Wednesday, August 20, 2008

What else could I have said...?

On 1 July 2008, as I was finishing a long weekend in the Arlington, VA/ Washington, D.C. area where I had been for a conference, I, for the first time, had the experience of talking with a Mormon missionary. It was late in the afternoon and I was on my way from the hotel to the airport, as I was to fly home that evening, when, as I was about to step on to the escalator to descend into the Metro subway station, a young Moroan gentleman, dressed in the usual dark slacks, with a short-sleeved Oxford with a pocket Bible and a simple tie, was suddenly at my side with a, "Hello, ma'am, how are you today?"

I wasn't exactly surprised to find a man at my elbow asking to talk to me about religion as I struggled to pull my suitcase onto the escalator. As I had been approaching the Metro entrance, I had seen the two Mormons (they usually travel in twos when on mission journeys) earnestly trying to strike up a conversation with any of the pedestrians walking by. As I advanced toward the entrance, I had decided that, though I was and still am in no way interested in becoming a Mormon, I would try to be as polite as possible should I be approached by one of the men.

And sure enough I was.

"Ma'am, do you love your family? Would you be interested in joining the eternal family in Heaven?" Such was the topic of conversation that I briefly had with this Mormon missionary, a young man of about 25 years of age, with short, clean-cut brown hair, simple gray-black glasses, and a very kind face, as I struggled to manage my suitcase and backpack on the escalator, slightly anxious about the time being that I had less than two hours before my plane was scheduled to depart from the Reagan Airport. I tried to listen and respond as kindly and positively as I could, letting him know that, while what he said sounded nice, I was Catholic and very happy with my religion. Finally, seeing he continued to persist, I had to say to him, "I'm sorry, I am Catholic and I love and am very happy with my religion. Thank you for talking with me, though, but I am just not interested." I then was back on my hurried way to the airport and then home.

Although it was no more than a five-minute conversation, sometimes I do think about that man and my interaction with him on that really, really hot July day. I realize that, gosh, it must be so, so hard for them to go out on their mission trips and try to evangelize. ,Not only do people so often blow them off (as many were that day), but even more often are they ridiculed and poked fun at in and by our modern society. From riding in the car with some friends when one yells out "Ooo, look, there's a Mormon!" as we drive by a helmetted one on a bike, to comedian, Jim Gaffigan in his skit on religion saying that the pope would probably say, "Easy, freak, I leave work at work," should he be approached by a Mormon, to all of the attention, negative or parodized, but rarely positive, that Mormonism receives for its practices, it is pretty easy to find.

Thinking of all of this, it must be really hard for a young Mormon adult to go out on a mission trip.
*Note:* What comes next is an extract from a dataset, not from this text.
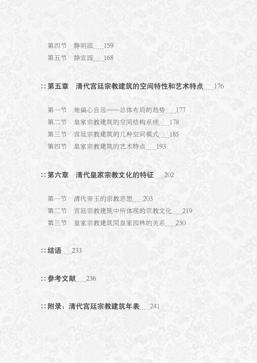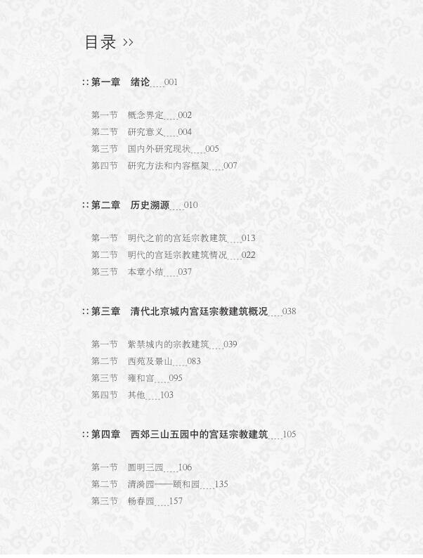 本书包括三个部分:首先是历史溯源,提供一个总体宗教发展的背景和宫廷宗教建筑的演变情况,主要着眼于宗教史研究成果的介绍,为正文的展开做了铺垫。其次是清代宫廷宗教建筑具体而微的个体介绍,着重回答与文化相关的几个问题,即为什么建、如何建、如何使用、历史演变等情况。这部分主要反映本书研究基础工作的成果,包括具体的考证和推断。这一部分的展开在大的方面以空间位置为线索,从*核心的紫禁城逐渐向外扩散,直至西郊离宫御园中的宗教建筑。在一定的地理位置内部,一般以宗教属性作为细目展开,这样便于进一步在宗教文化方面进行讨论。第三部分就是在充分占有第二部分资料考证的基础上进行综合分析,重点在于循着建筑特有的线索解读文化现象,因此不乏建筑上具体特色的探讨,如空间关系、建筑尺度、艺术特点等,以建筑印证历史、文化。同时将考察的范围略为放大到建筑的管理系统和不同帝王个人的宗教态度等方面的研究上,以期有一个全面的认识。这一部分是本书的核心内容,结论在论述中自然产生。全书试图通过宫廷宗教建筑所涉及的多个方面来研究、探寻清代宫廷宗教文化的本来面目。

I find it somewhat uncomfortable to talk with people, especially strangers, about my religious convictions and beliefs. It would be hard for me to try to street corner evangelize to some random Joe Schmoe, much less strike up a neutral conversation on religion with him. I don't know if I could bear with the some of the rejection that these Mormon missionaries have to put up with.

As a Roman Catholic, I think that I do have some similarities with that Mormon, not so much in our religious beliefs and practices but in the way the society views our individual religious beliefs and practices. Because of this, I wish I could have been more compassionate and respectful of this Mormon gentleman who so daringly stepped up to me that day as I hurried on to the escalator. Rather than just saying, "No thank you," I wish I would said something more like this: "Look, I know it must be really tough for you to be out here, trying to talk to people about faith and religion and then having them ignore you, blow you off, or even be mean and disrespectful to you. I am sorry for that, it must hurt at times. I don't want to me another person to do that to you, but I am Catholic - I love Catholicism and I sincerely believe that the Truth lies in Catholicism and that the surest path to happiness in heaven you talk about lies in my Catholic faith. Thank you for having the courage to talk to me today, and my best to you."
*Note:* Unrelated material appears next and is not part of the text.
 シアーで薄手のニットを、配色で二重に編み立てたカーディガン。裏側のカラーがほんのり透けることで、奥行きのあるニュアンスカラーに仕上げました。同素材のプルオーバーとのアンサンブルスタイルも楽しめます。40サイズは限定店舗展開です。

That's what I wish I might have said. But, hey, I guess it wasn't meant to work out that way.

1 comment:

Anonymous said...

I wish more people of faith could feel the connection you describe. In today's world, what we have in common is so much more important than what divides us.

As a Latter-Day Saint myself, I have often felt a spiritual kinship with believing Catholics that I have failed to find with believing Protestants, for example.

I'll have to ponder why that may be. Possibly it's because I perceive more compassion in the Catholic conception of deity.

Perhaps it's also the stronger Catholic emphasis on living one's religion. Too many Protestants have tried to convince me that my refusal to separate my faith from my works somehow makes my faith inferior to theirs and automatically condemns me to an eternity in hell.

Apparently the right kind of faith is only shown by doggedly believing that your seat in heaven was permanently reserved for you the moment you recited the prayer you found inside the back cover of a Jack Chick pamphlet when you were fifteen - no matter how badly and frequently you have sinned since or are likely to sin in the future.